A government watchdog organization, OpenTheGovernment.org, released its own Secrecy Report Card 2005 (see the sidebar on page 35) in September 2005, detailing the rising costs of secrecy and the increasing number of classified documents.8
A second trend has more and more Americans finding it necessary to file Freedom of Informatin Act (FOIA) requests to get access to government information. In May 11, 2005, testimony before the Subcommittee on Government Management, Finance and Accountability, Linda D. Koontz, director, information management issues for the Government Accountability Office, stated that "the number of requests that agencies received increased by 71 percent from 2002 to 2004." Agencies also reported that "they have been processing more requests — 68 percent more from 2002 to 2004.... For 92 percent of requests processed in 2004, agencies reported that responsive records were provided in full to requesters."9 However, the GAO report noted that "the number of pending requests carried over from year to year — known as the backlog — has been increasing, rising 14 percent since 2002."10
The Society of Environmental Journalists released a report entitled "A Flawed Tool: Environmental Reporters’’ Experiences with the Freedom of Information Act"11 (see the sidebar above left). Based on interviews with 55 reporters who use FOIA, the report "revealed growing shortcomings in the way the government is treating FOIA requests."

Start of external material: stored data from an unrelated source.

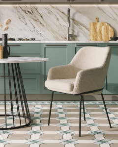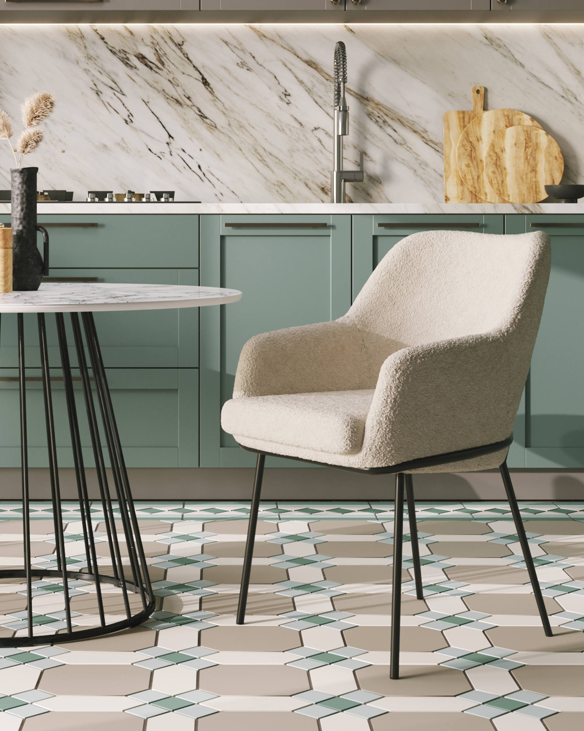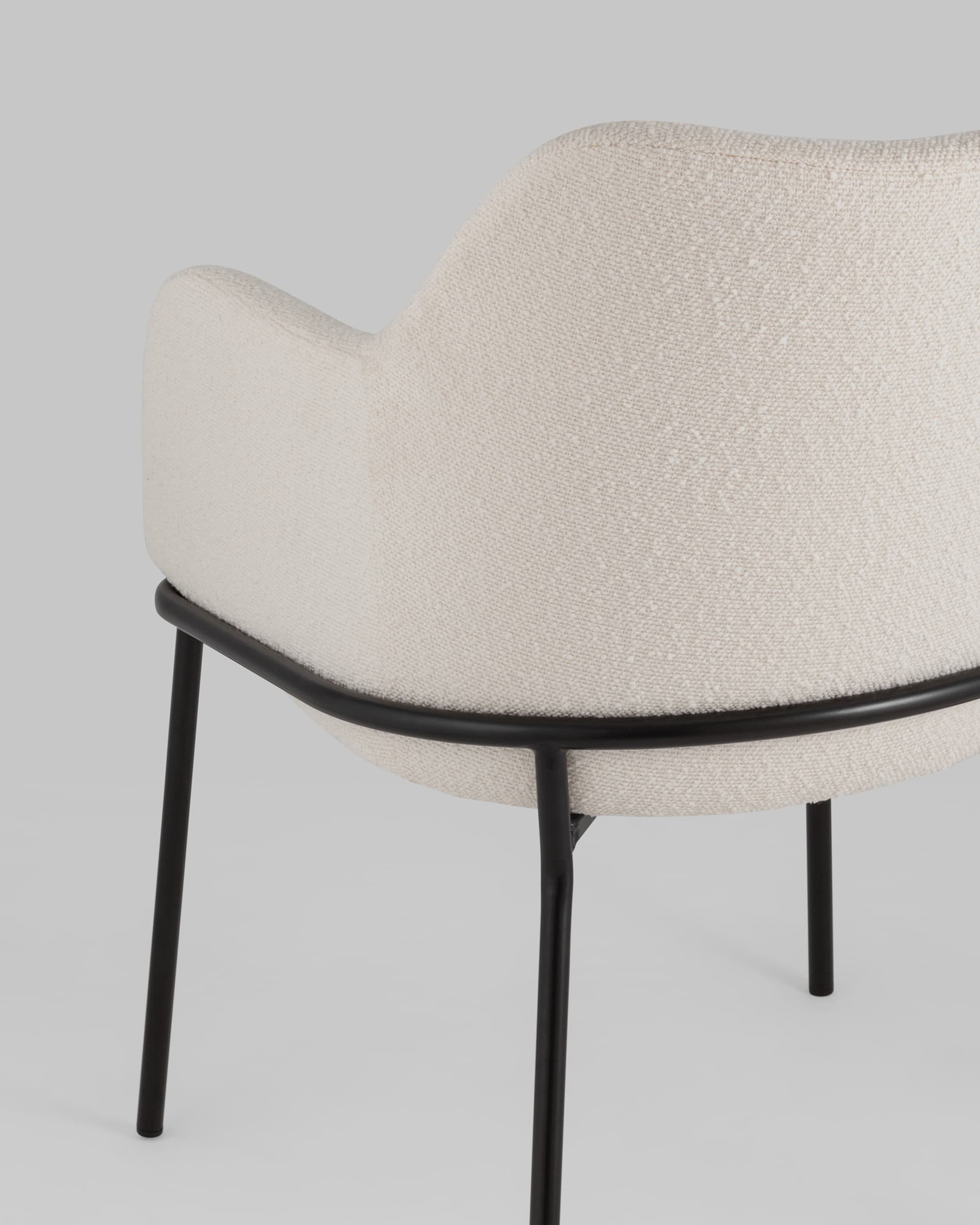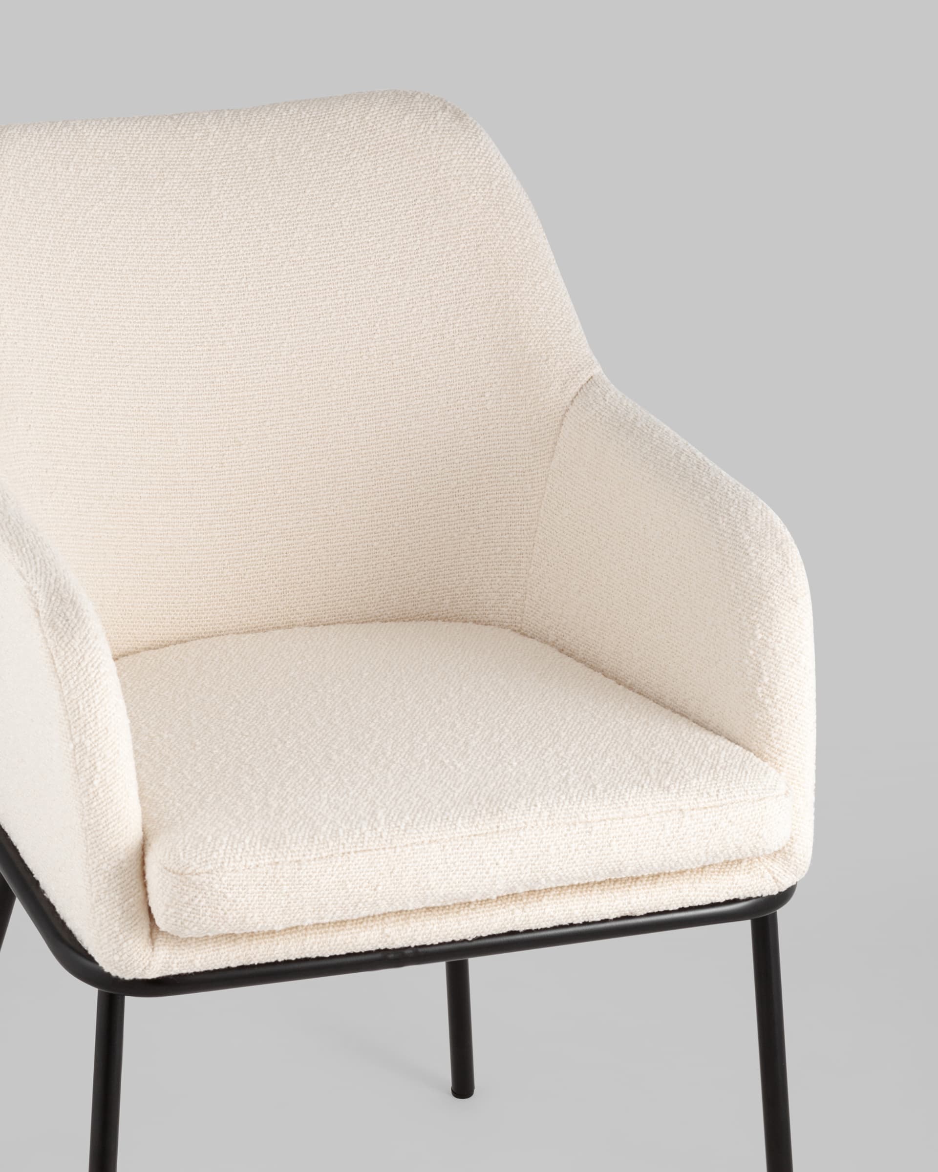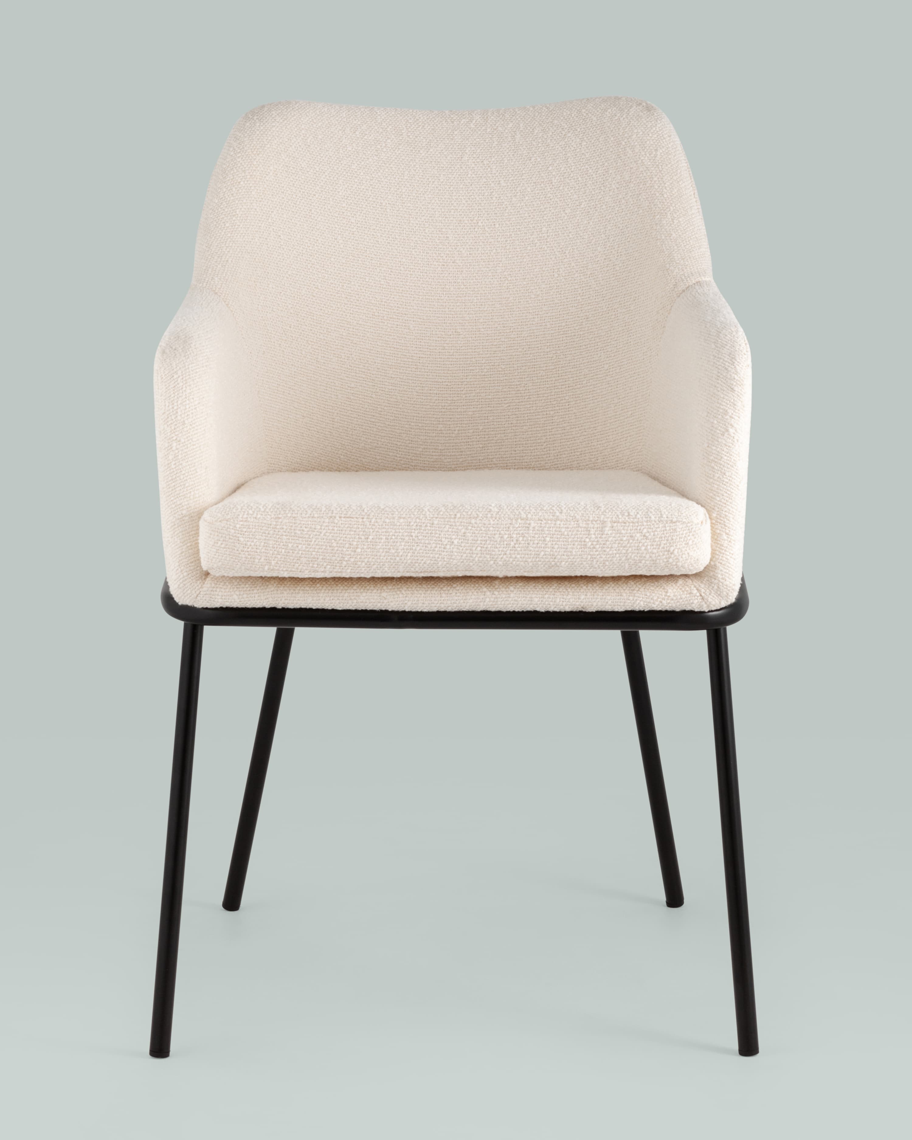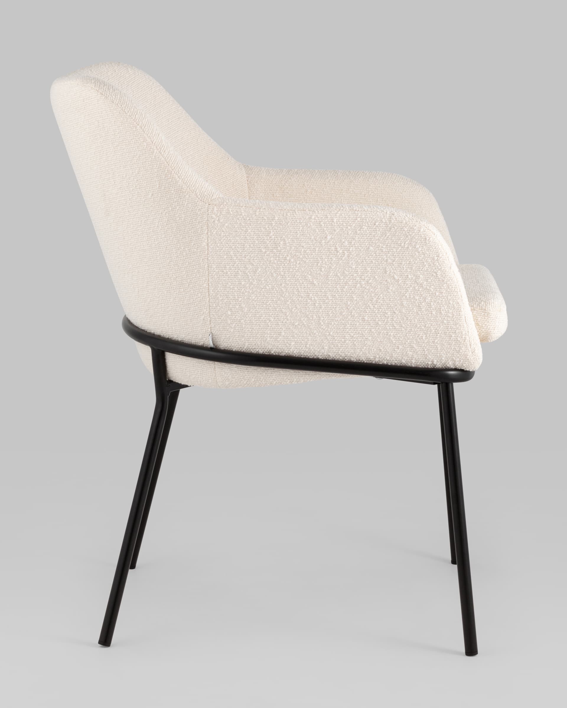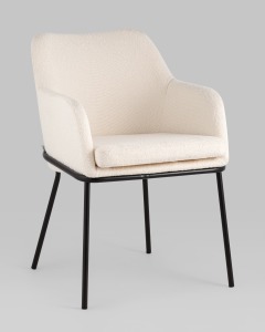 Стул с подлокотниками Кози ткань букле молочный ножки металл черные
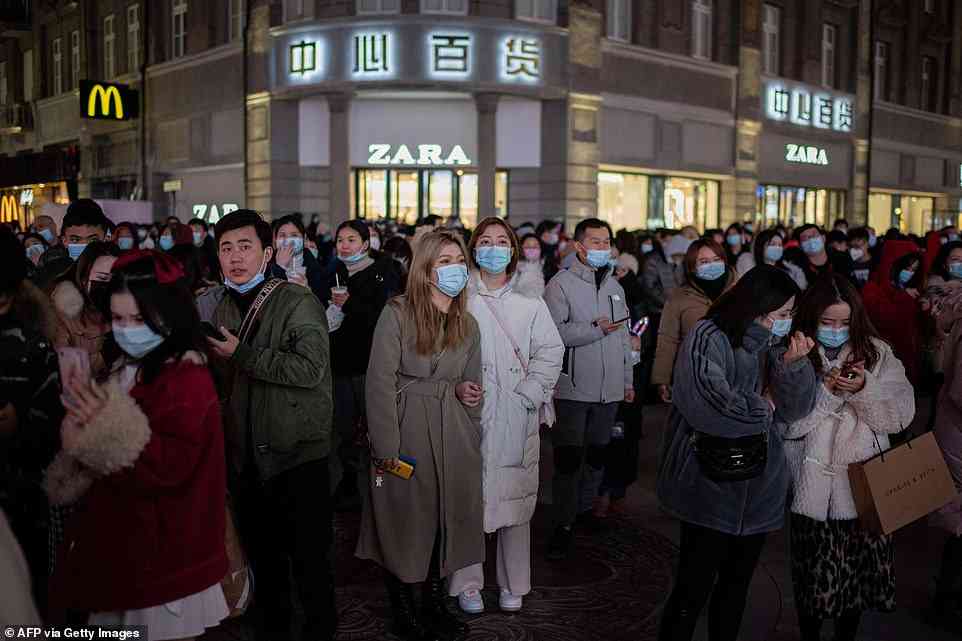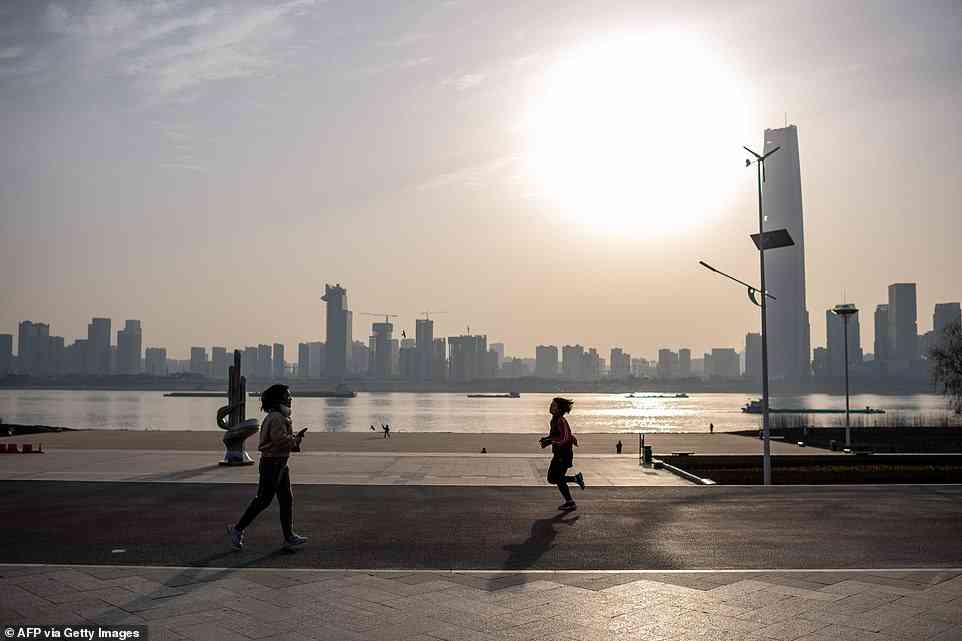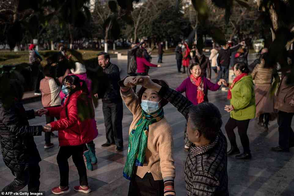 ورقص الأزواج المسنون، مرتدين الكمامات وأيديهم متشابكة بينما كانت المسافات الاجتماعية تذبل في أشعة الشمس الشتوية في حديقة مزدحمة بجوار نهر اليانغتسي، وفق "ديلي ميل".
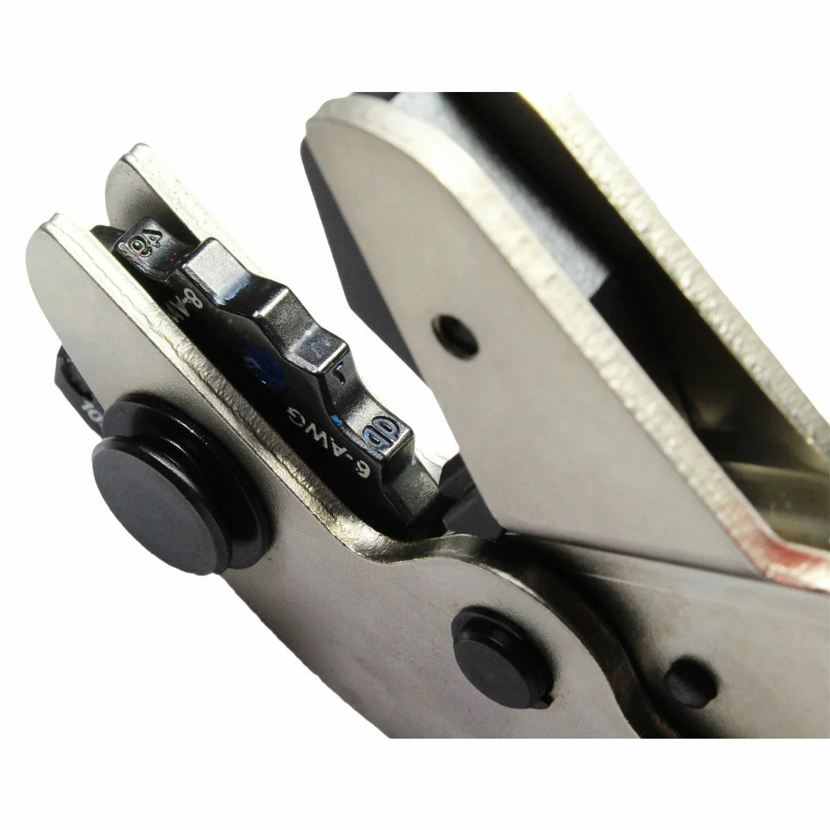 This crimper is essential for professionals in telecommunications, construction, and industrial applications. It provides precise crimping results with a ratchet mechanism that ensures consistency and reliability.
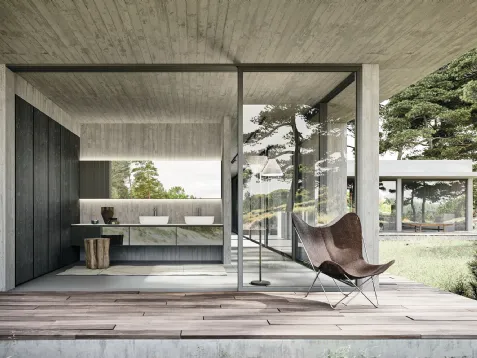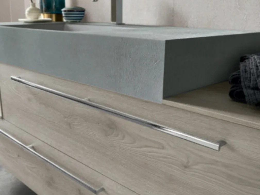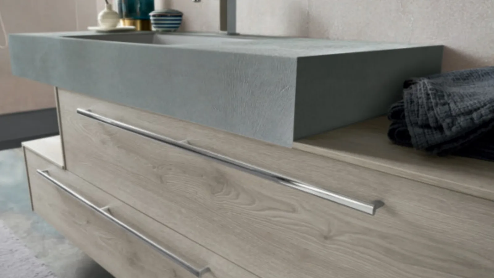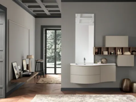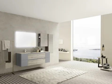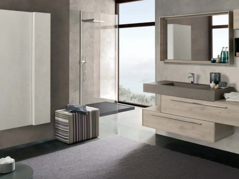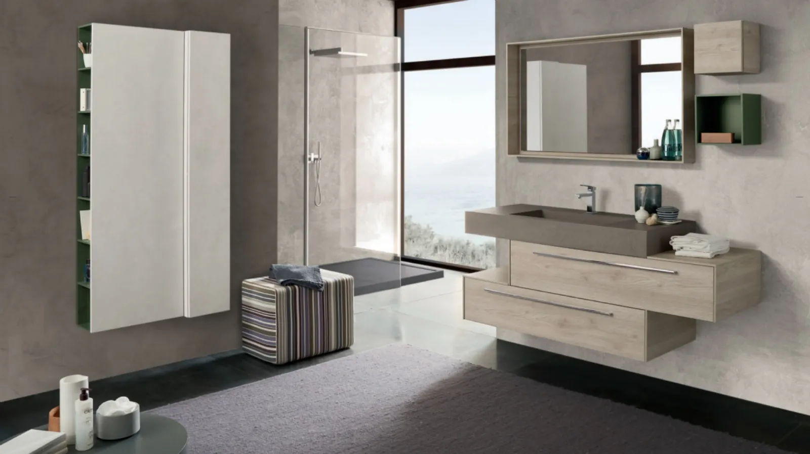 Arreda la stanza del benessere moderno perfettamente con M System C016, mobili bagno sospesi e oggetti in melaminico di Baxar.
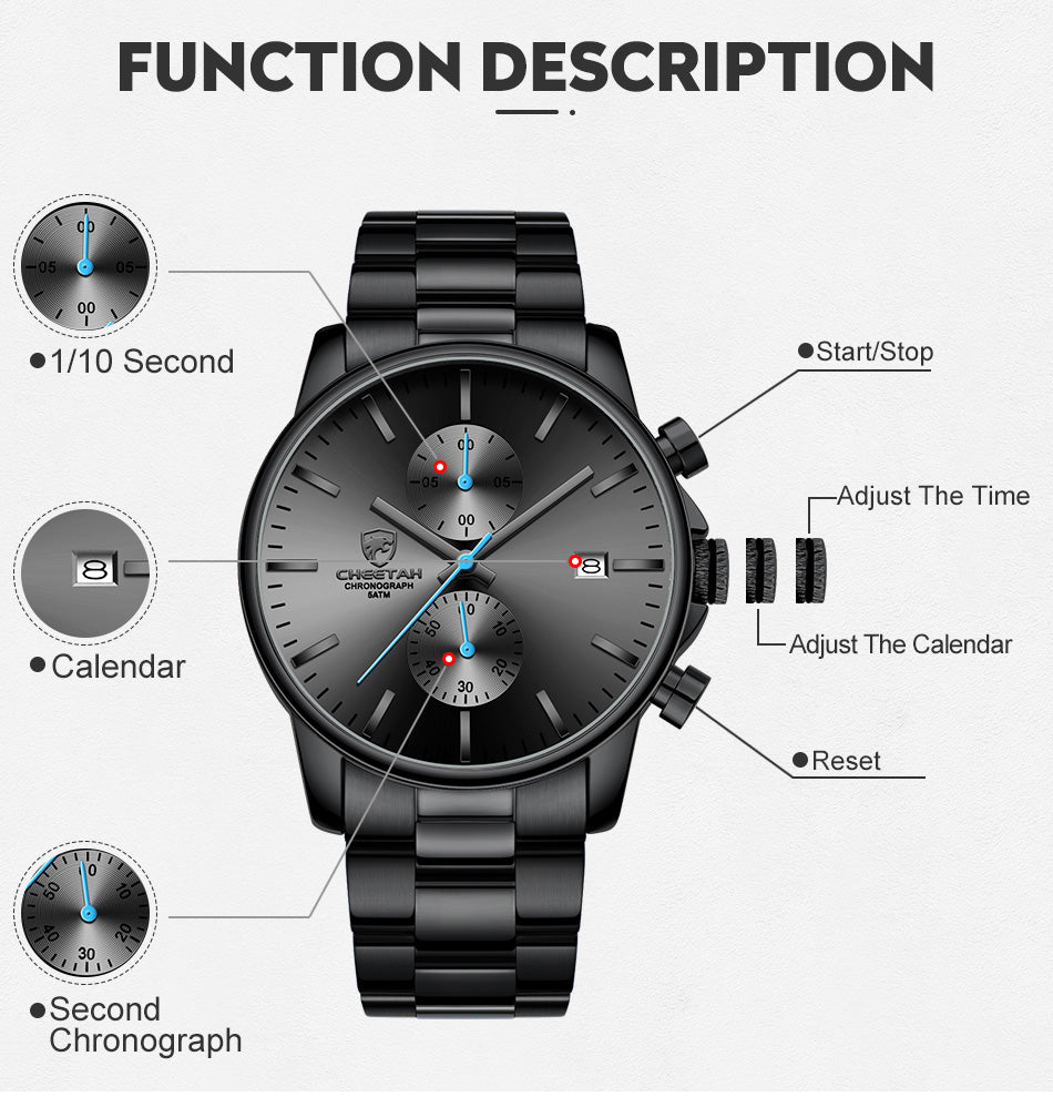 Introducing the CHEETAH Sports Watch for Men - the ultimate blend of luxury, style and functionality.
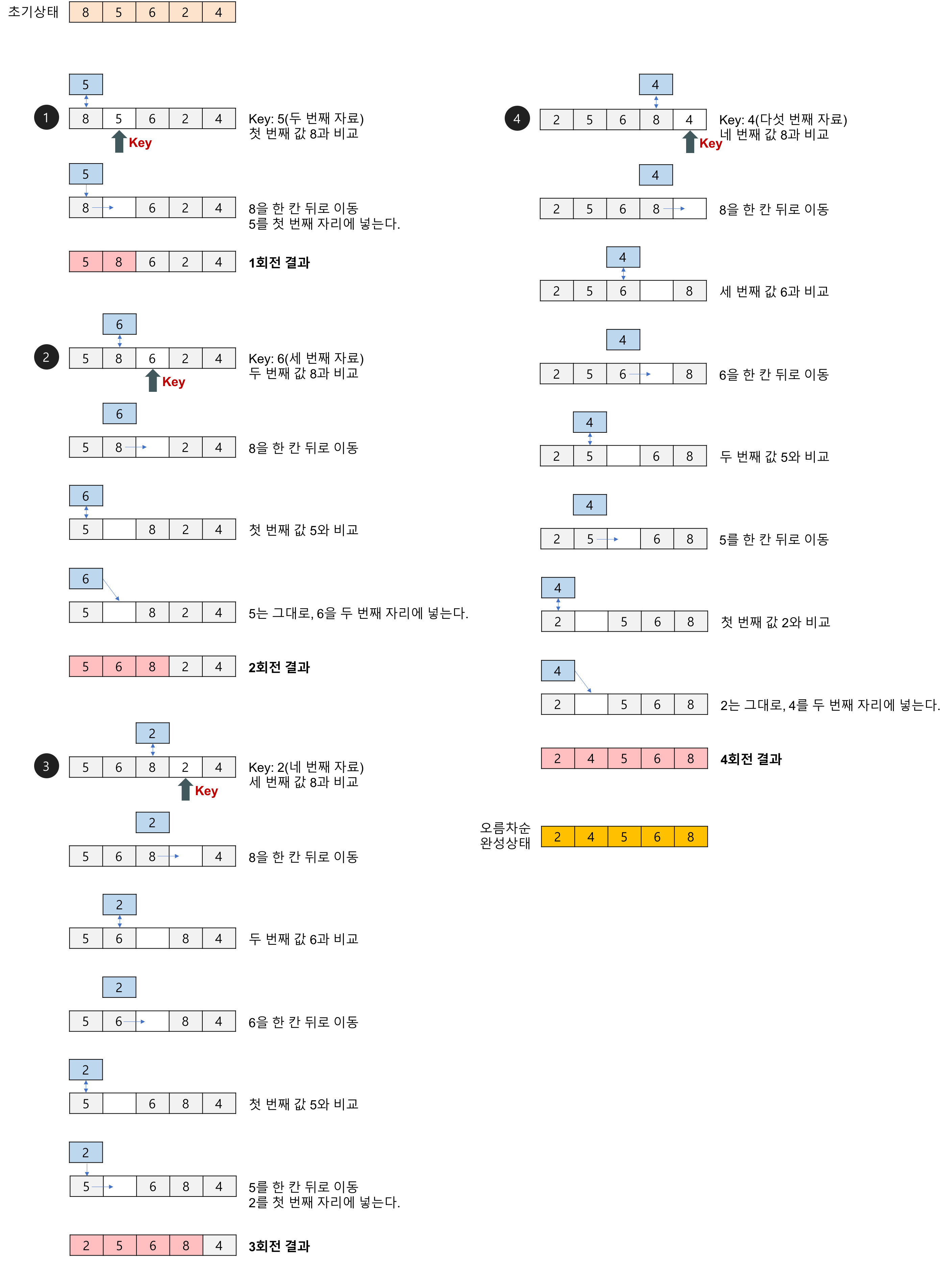 // 정렬된 부분에서 현재 원소의 삽입 위치를 찾아간다.

When it comes to FOIA requests, many government agencies employ a delaying strategy. And the strategy seems to be effective. Reports, articles, documentaries, news reports must be written and filed without requested FOIA information. The agencies can embrace this practice and suffer no penalties or consequences, even when the requests come from the press.
Federal agencies have also removed government documents from agency Web sites and databases (see the sidebar at left). Steven Aftergood, director of the Project on Government Secrecy, wrote in Slate magazine that government agencies have "restricted access to unclassified information in libraries, archives, Web sites, and official databases."12 No complete list, inventory, or catalog of all the removed materials is available. In the absence of this inventory, Aftergood, OMBWatch, the Memoryhole, Crytome.org, and other groups have tried to publicize and make available documents and materials that have been removed.
The removal of unclassified documents has led to a fourth trend. More and more unclassified documents previously available "are now barred to the public and identified as ‘sensitive but unclassified’’ or ‘for official use only.’’"13 The federal government is employing strategies to keep unclassified information hidden from the American public by creating a whole new class of ill-defined, vague "classifications" that go far beyond the exemptions written into law by FOIA (see the sidebar on page 37).
OpenTheGovernment.org has compiled a list of 50 such vague classifications (see the sidebar on page 39) but speculates that there could be as many as 60 designations. In my own research, I have found a few more designations that OpenTheGovernment.org did not include in their list. These designations are troubling and require continued scrutiny because "such unchecked secrecy threatens accountability in government and promotes conflicts of interest by allowing those with an interest in disclosure or concealment to decide between openness or secrecy."14
As a nation, we must wrestle with the very real concerns, challenges, and threats to our national security, but our deliberations and actions must work within the context of a democratic society that passionately embraces open and transparent government. We need an information access policy that is thoughtful, practical, and transparent. In a statement before Congress, Mr. William Crowell, former deputy director of the National Security Agency (NSA), argued that "we must shed our current cold-war need-to know mentality and replace it with a culture based on a need-to-share."16 A former executive of one of the nation’’s leading intelligence agencies urges us to share information, not hide it.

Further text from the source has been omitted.